I'd like our elected school board rep Cecily Harsch-Kinnane to reply to this question publicly: why did you run for re-election, if you weren't going to at least try to show some leadership during what might be the most sudden, most complete meltdown of an urban school system ever seen in the U.S.?

You have been conspicuously silent on the issue of Beverly Hall's cover-up of the CRCT cheating scandal. When I questioned you on the phone about it, you literally stammered through a rambling, 20-minute monologue during which you questioned whether the Atlanta Journal-Constitution's reporting on the facts was accurate (blaming the media--a page straight out of the Shirley Franklin playbook) before going on to say that you "could understand" why Beverly Hall felt it was okay to hide the Porter CRCT cheating report from your Board and to lie to her Open Records clerk, Rebecca Kaye, so that Kaye could claim, in all innocence, that APS was not "in possession" of the document.

Your reasoning? You believe that because the hilariously misnamed "Blue Ribbon Panel" had received the Porter report, the Board did not also have to look at it, and that you agreed with Hall's reasoning that it might not be "the best idea" to release it to the public.

Well, guess what: you don't get to decide not to abide by the Open Records Act. The "furious five" APS BOE members, including the current BOE president Khaatim El, testified that the Blue Ribbon Panel kept them in the dark about its investigation, including the Porter report. That puts you in the position of supporting the employee---yes, Beverly Hall is your employee--who withheld an important document from your fellow BOE members. I'm sure they appreciate your deciding what they should and shouldn't be allowed to read.

Your other weak defense for Beverly Hall's conduct was that you felt the Porter report "wasn't all that important." Really? Of the two "investigations" arranged by Bev Hall in the immediate aftermath of the CRCT cheating allegations, one, a literal drive-by performed by a no-name hack, was proudly posted on the APS website. The other, the credible document executed by Mr. Porter, was deliberately hidden from BOE and public view.

And you're okay with that.

Parents, this kind of stuff is the best argument I could make for conversion charters. Not only is APS not set up or interested in running a high-ceiling school for your children, APS has as its willing accomplice BOE members like Cecily Look-The-Other-Way Harsch-Kinnane.

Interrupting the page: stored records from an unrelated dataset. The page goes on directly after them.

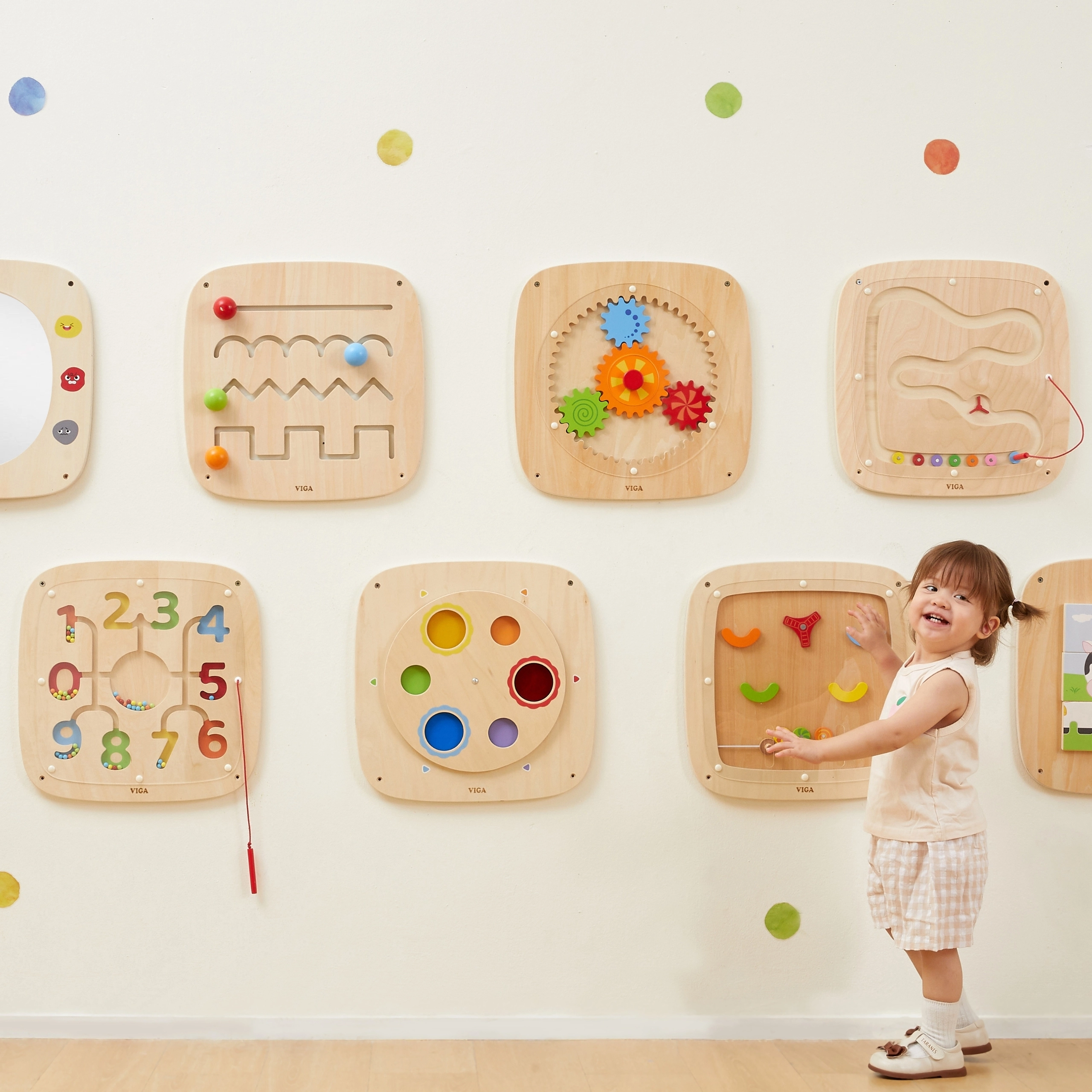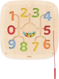 Ši medinė sieninė lenta su skaičiais 0–9 sujungia pramogą ir mokymąsi viename. Vaikai, naudodami pridėtą magnetinį stylusą, veda spalvotus kamuoliukus pažymėtais takeliais, priskiria juos skaičiams ir taip lavina skaičiavimą bei akių–rankų koordinaciją.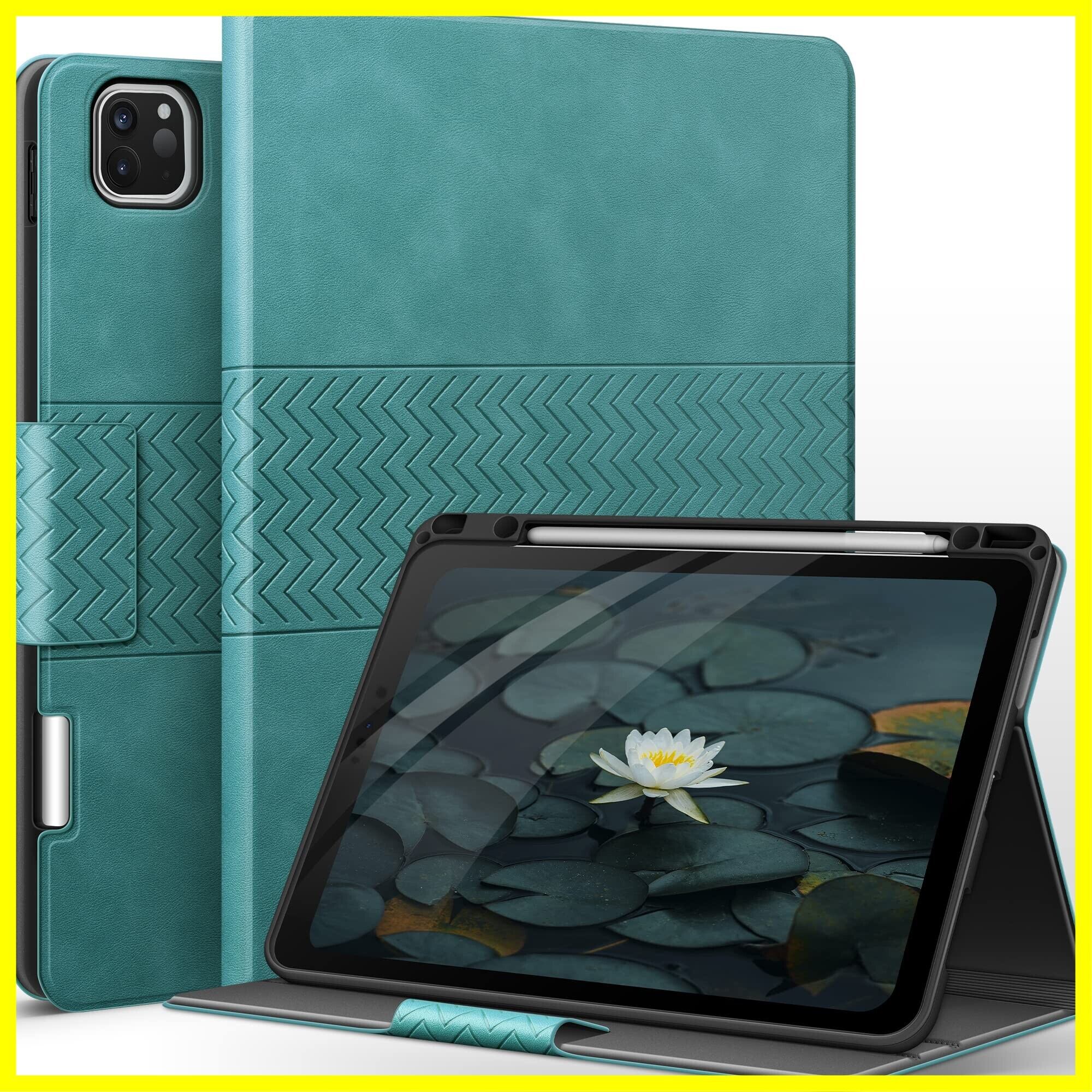 auaua iPad Pro 12.9インチ ケース 2022/2021/2020/2018 ペン収納 PUレザー 手帳型 ひび割れ防止 耐衝撃 オートスリープ&スタンド機能付き 全面保護 iPad Pro 12.9 第6/5/4/3世代兼用 (グリーン)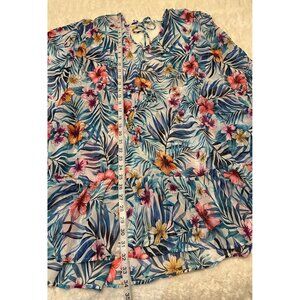 Time & Tru Women's Swimsuit Cover Tropical Print 100% Polyester Size XL (16-18)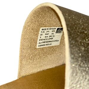 Platform slide sandals featuring Reef’s Cushion Vista Hi construction with a supportive, lightweight feel and elevated profile. Dual metallic straps present a warm golden tone with a soft shimmer finish, paired with a contoured footbed for all-day comfort. Layered platform sole adds height without excess weight while maintaining stability and flexibility underfoot. Cushioned EVA footbed and textured outsole support casual, resort-ready wear with a clean, modern silhouette. Designed as an easy slip-on style with Reef branding at the straps and footbed.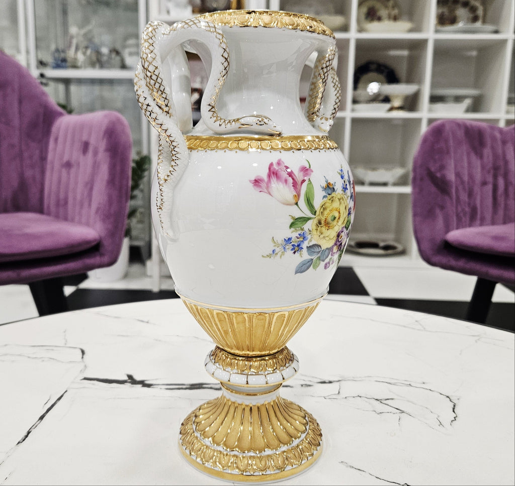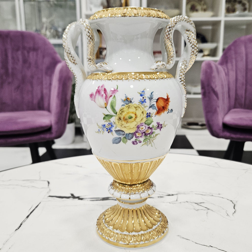 Eine atemberaubend schöne, sehr seltene, luxuriöse, reich vergoldete Blumenvase aus Meissener Porzellan mit exquisiten schlangenförmigen Henkeln (27,5 cm).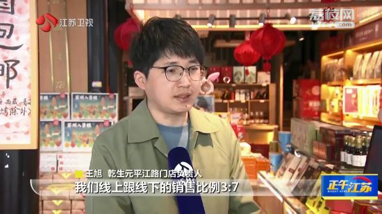 乾生元平江路門(mén)店負(fù)責(zé)人王旭說(shuō):“我們線上跟線下的銷(xiāo)售比例3:7,線下各門(mén)店的游客也逐漸增多。”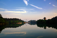 靈湖是一個自然湖泊,素有小西湖之美譽,湖面寬780畝,其最深的地方可達30米。其水來自廣西靈川縣海洋鄉(xiāng)的海洋河。水質清澈冰涼,四周青松翠柏倒影湖中,猶如一幅淡淡的山水潑墨畫!八鉃囦偾绶胶,山色空蒙雨亦奇”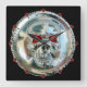 PRINTED CHROME SKULL Red Ruby Gems Square Wall Clock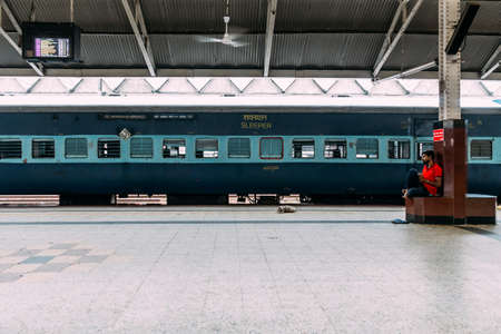 Indian people waiting for the train on platform inside Howrah Junction railway station in Kolkata, India.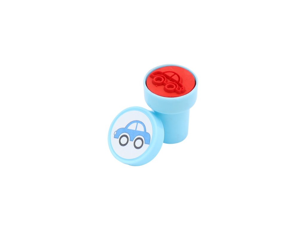 Razítko v plastovém pouzdře s víčkem k okamžitému použití, určené pro děti od 3 let.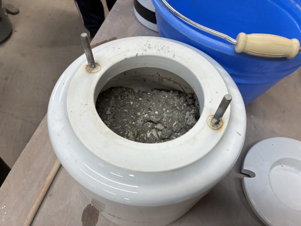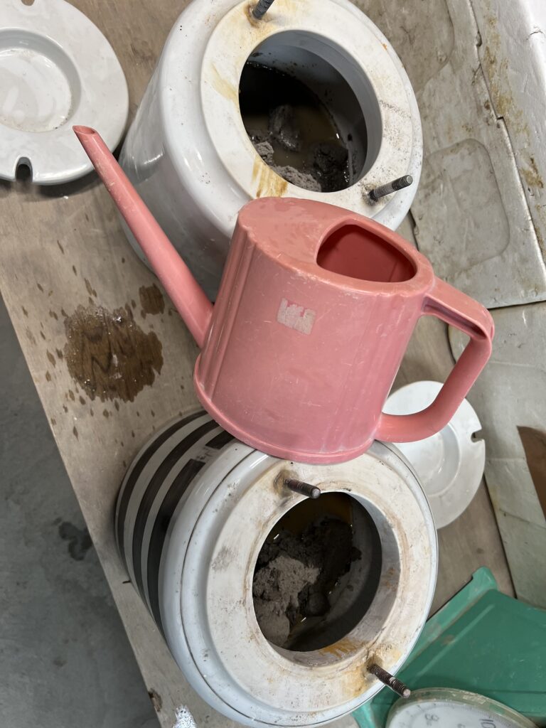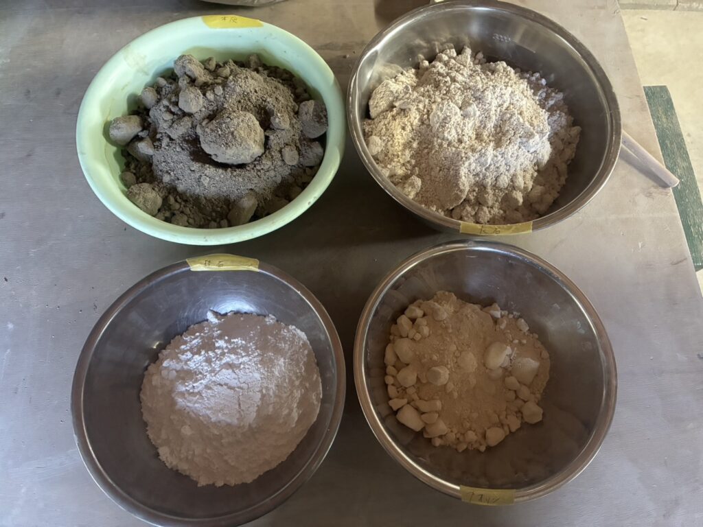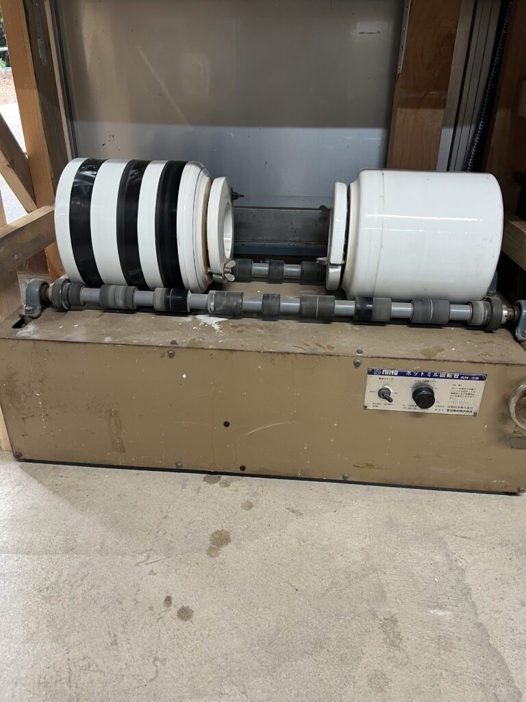 を二つのポトミルに分け、水大凡1ℓづつを入れ、4時間ぐらい擦り潰す。少し艶消し、マットな釉薬をつもりで試す事にしました。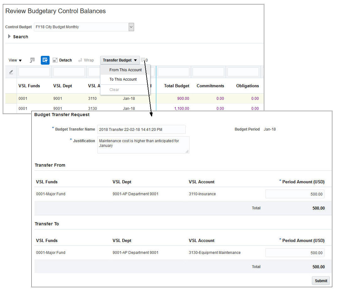 The budget transfer feature provides a quick and simple way to transfer budget to and from one or more budget accounts without having to fill out a budget spreadsheet. While reviewing budget balances in the Review Budgetary Control Balances page, build your Budget Transfer Request by selecting the budget accounts for transfer. Enter the transfer amount and justification for the budget transfer before initiating your budget transfer request. Receive a notification when the budget transfer is complete.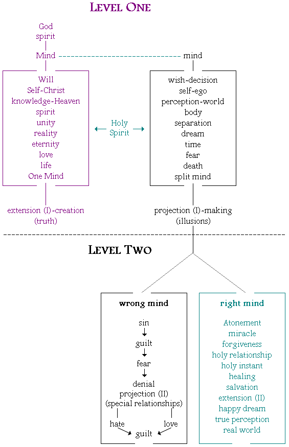 A Course in Miracles, therefore, is written on two levels, reflecting two basic divisions. The first level presents the difference between the One Mind and the separated mind, while the second contrasts wrong- and right-mindedness within the separated mind. On this first level, for example, the world and body are illusions made by the ego, and thus symbolize the separation. The second level relates to this world where we believe we are. Here, the world and the body are neutral and can serve one of two purposes. To the wrong-minded ego they are instruments to reinforce separation; to the right mind they are the Holy Spirit’s teaching devices through which we learn His lessons of forgiveness. On this level, illusions refer to the misperceptions of the ego; e.g., seeing attack instead of a call for love, sin instead of error.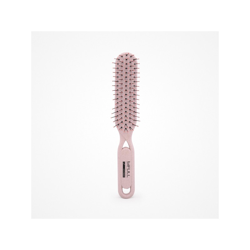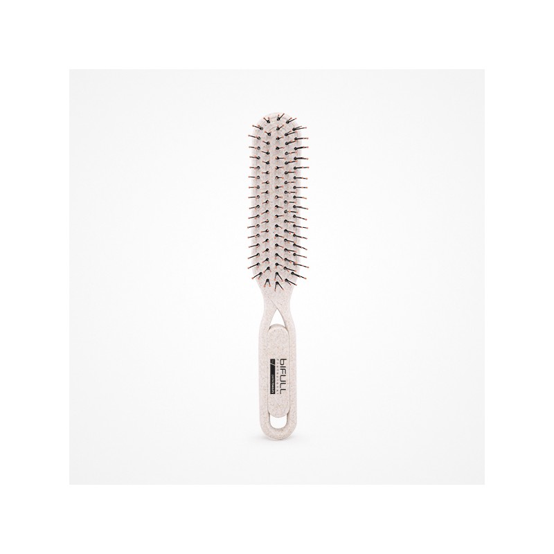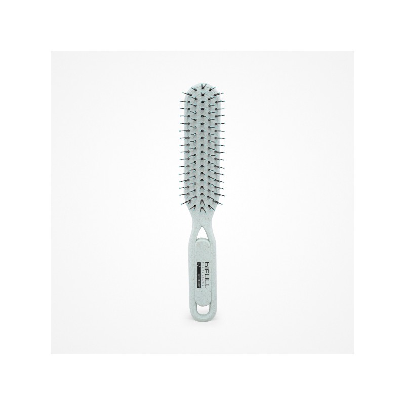 Cepillos biodegradables fabricados a partir de materiales orgánicos, ecológicos y con bajo contenido en carbono. El ancho del cepillo es de solo 35 mm, tiene 84 orificios con 168 cerdas. Además, el cuerpo del cepillo puede soportar 80ºC, mientras que las cerdas de nailon pueden soportar 160ºC. Sus cerdas en forma de V están especialmente diseñadas para desenredar todo tipo de cabello y masajear el cuero cabelludo sin tirones. Cerdas largas que llegan a todas las capas del cabello acortando el tiempo del cepillado. Eliminan suavemente los nudos. Cerdas de nailon. Curvado

I cannot for the life of me understand why you ran for this post, Cecily. At the moment when leadership is most needed, you're quietly and meekly supporting the disgraced and soon to be displaced employee Beverly Hall. If and when parents wrestle control of their neighborhood schools away from your bickering, disfunctional BOE, you and your Board colleagues will only have yourselves to blame.

When you figure out what it is you really want to say about all of this, this forum is yours.

Why do we even need APS in Va-Hi?

This is a serious question: why do we need APS to run Springdale Park Elementary, Inman Middle School and Grady High School? It seems to me the only plausible reason for allowing APS administrators to run these schools is because we're too lazy (by "we," I mean the parents of the current and future students at those schools) to convert these schools to charter schools and do the job ourselves.

Could we do a better job than APS bureaucrats at running our schools? That's a silly question. Have you seen APS in action? But let's assume it's not a rhetorical question; that you really want to know why we should do the job instead of APS. Here's the answer: there is a definite need for something like APS in poor neighborhoods where parents use schools as free daycare. But in neighborhoods in which high-achieving parents who value education have decided to coalesce, APS has never demonstrated an ability or willingness to run a high-ceiling school. I believe that even if they wanted to, they wouldn't have the first clue how to do it.

When it comes to figuring out how to run a school, I'll take a team of motivated parents over a diploma-mill APS bureaucrat any day, and so would you. But it's a lot of work, and it requires admitting to yourself that the school you thought was good enough for your kid really isn't. That last leap is one many of my fellow parents are unwilling to take. They convince themselves that because our schools are pretty good compared to other APS schools and Georgia schools in general, they're good enough.

That's exactly like saying "hey, she's awfully good-looking, for a rural Alabamian."